*Data section*.
= = = = =

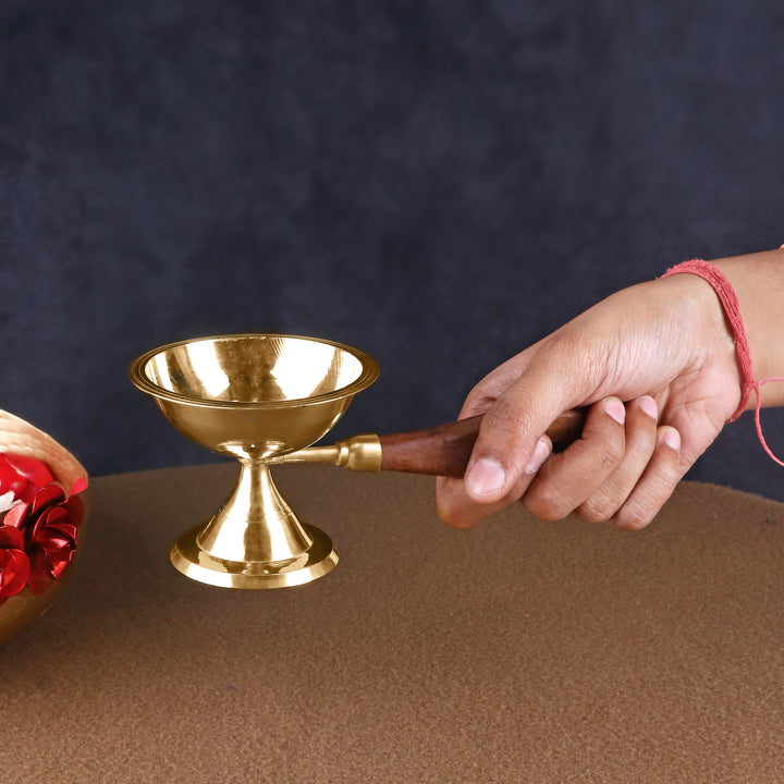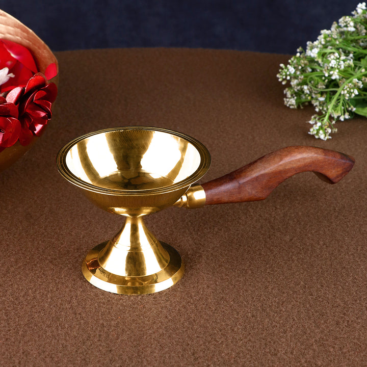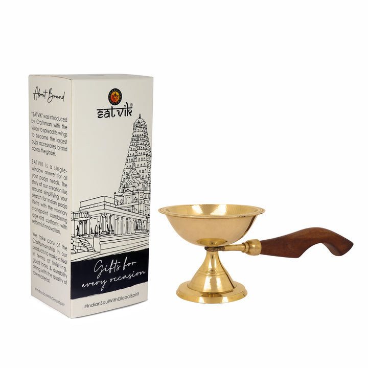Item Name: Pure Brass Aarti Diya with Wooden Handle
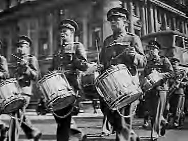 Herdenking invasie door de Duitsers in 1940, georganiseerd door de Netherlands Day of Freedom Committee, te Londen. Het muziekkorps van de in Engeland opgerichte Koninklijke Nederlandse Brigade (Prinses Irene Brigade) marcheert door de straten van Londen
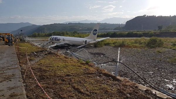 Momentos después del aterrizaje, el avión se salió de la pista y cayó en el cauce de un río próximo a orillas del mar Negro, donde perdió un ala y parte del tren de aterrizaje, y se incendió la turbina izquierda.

= = = = =

*Exercise objective*. Pictures do not belong in the copy. Reproduce the rest of the data exactly.

*Answer for this exercise*.
Item Name: Pure Brass Aarti Diya with Wooden Handle
 Herdenking invasie door de Duitsers in 1940, georganiseerd door de Netherlands Day of Freedom Committee, te Londen. Het muziekkorps van de in Engeland opgerichte Koninklijke Nederlandse Brigade (Prinses Irene Brigade) marcheert door de straten van Londen
 Momentos después del aterrizaje, el avión se salió de la pista y cayó en el cauce de un río próximo a orillas del mar Negro, donde perdió un ala y parte del tren de aterrizaje, y se incendió la turbina izquierda.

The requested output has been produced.